= Andrea Natale =

American cardiologist and electrophysiologist

Andrea Natale is an Italian-born American cardiologist and electrophysiologist, i.e. a heart rhythm specialist. Natale is known for his work in atrial fibrillation ablation, and he is currently the executive director at the Texas Cardiac Arrhythmia Institute.

==Education==
Natale received his medical degree from the University of Florence Medical School, Florence, Italy and later underwent specialist training in Cardiology at the Catholic University of the Sacred Heart in Rome. He then attended Methodist Hospital, Baylor College, Houston, Texas as a research fellow. Subsequently, he completed his Residency (Cardiology and Electrophysiology) at University of Western Ontario in Canada and University of Wisconsin, Milwaukee.
Prior to his appointment as Executive Medical Director of the Texas Cardiovascular Arrhythmia Institute at St. David's Medical Center in Austin, Natale was faculty at Duke University, then Director of the Electrophysiology Section of the University of Kentucky in Lexington and Section Head for the Department of Cardiac Pacing and Electrophysiology and Medical Director for the Cleveland Clinic’s Center for Atrial Fibrillation.

==Career==
Natale has been active in the Heart Rhythm Society since its inception, where he has been recognized as a Founders Member in 2004, at Chairman Level in 2005 and at Ambassador Level in 2010. He has been member of several HRS committees (Relation with Industry, Reimbursement and Regulatory Affairs, Atrial Fibrillation Consensus Statement ). From 2005 through 2008, he has been a member of the Annual Meeting Program Committee and since 2011 a Trustee in the HRS Board.

Natale is a faculty member at various universities and scientific and medical institutions, including Stanford University and Case Western University. He is the author, co-author or editor of hundreds of published articles and various books on pacing and electrophysiology. He serves or has served on the editorial boards of numerous medical journals including the Heart Rhythm Journal, Journal of the American College of Cardiology, American Journal of Cardiology, Journal of Cardiovascular Electrophysiology, American Heart Journal, Circulation, Journal of Electrocardiology and is the editor-in-chief of the Journal of Atrial Fibrillation. Besides Venice Arrhythmias, he is the creator of EPLIVE, the first fully interactive meeting of his genre, where EP experts from various countries are invited to share their experience while observing live cases being performed in the state-of-the-art laboratories of TCAI in Austin, Texas.
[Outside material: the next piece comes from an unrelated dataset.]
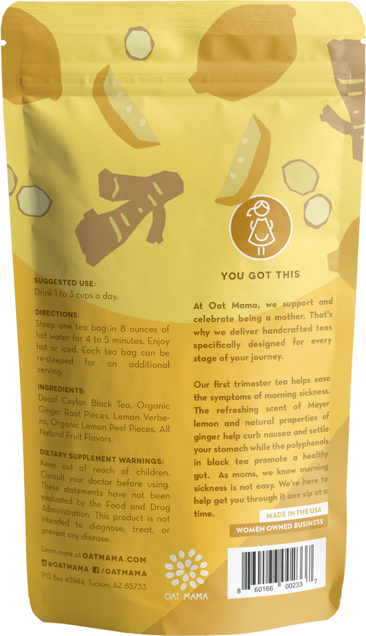 Our Morning Sickness Tea helps ease the symptoms of morning sickness experienced in pregnancy. The refreshing scent of Meyer lemon and natural properties of ginger help curb nausea and settle the stomach while the polyphenols in black tea promote a healthy gut.We know firsthand morning sickness is hard. We're here to help get you through it one sip at a time.Each bag comes with 14 biodegradable plant-based tea sachets.Ingredients: Decaf Ceylon Black Tea, Organic Ginger Root Pieces, Lemon Verbena, Organic Lemon Peel Pieces, All Natural Fruit FlavorsConsult your doctor before using. These statements have not been evaluated by the Food and Drug Administration. This product is not intended to diagnose, treat, or prevent any disease. -

==Research and clinical achievements==
Natale pioneered a circumferential ultrasound vein-ablation system to correct atrial fibrillation and performed the procedure on the world's first patients. He also developed some of the current catheter-based cure strategies for atrial fibrillation, and was the first electrophysiologist in the US to perform percutaneous epicardial radiofrequency ablation, which is a treatment for people who fail conventional ablation. He has authored milestone papers on pivotal projects, such as PABA and RAAFT.

==Appointments==
Natale serves as the Executive Medical Director at Texas Cardiac Arrhythmia Institute at St. David’s Medical Center in Austin, Texas. Since 2007 he has been appointed Senior Director of the Arrhythmia Center at California Pacific Medical Center in San Francisco. In 2012 he also became Director of Interventional Electrophysiology at the Scripps Clinic in La Jolla, California, directed by Dr. Paul Tierstein and Dr. Eric Topol. Since April 2013 he is also Executive Director of the Al Sabah Arrhythmia institute at St Luke's -Roosevelt Medical Center, in New York.
He is a member, in charge of new technologies, for the Task Force on Atrial Fibrillation

== Personal life ==
In September 2020, he claimed that his daughter was "attacked" by Black Lives Matter protesters while at a stop light in Baltimore. However, 9-1-1 emergency call recordings and police body camera footage indicated that squeegee boys offered to clean the daughter's car windows, and that her boyfriend engaged the teens in a physical and verbal assault after threatening them with a knife. Natale later doubled down on his claims before deleting his Twitter account and apologizing.

==Honors==
Natale has received many awards for his clinical work and commitment to teaching, including the following:
- Cleveland Clinic Bakken Heart-Brain Institute Research Award
- Cleveland Clinic Innovator of the Year for 2004, 2005 and 2006
- Texas Cardiac Arrhythmia Institute: The Bury + Partners Innovation Award 2009. Austin, Texas.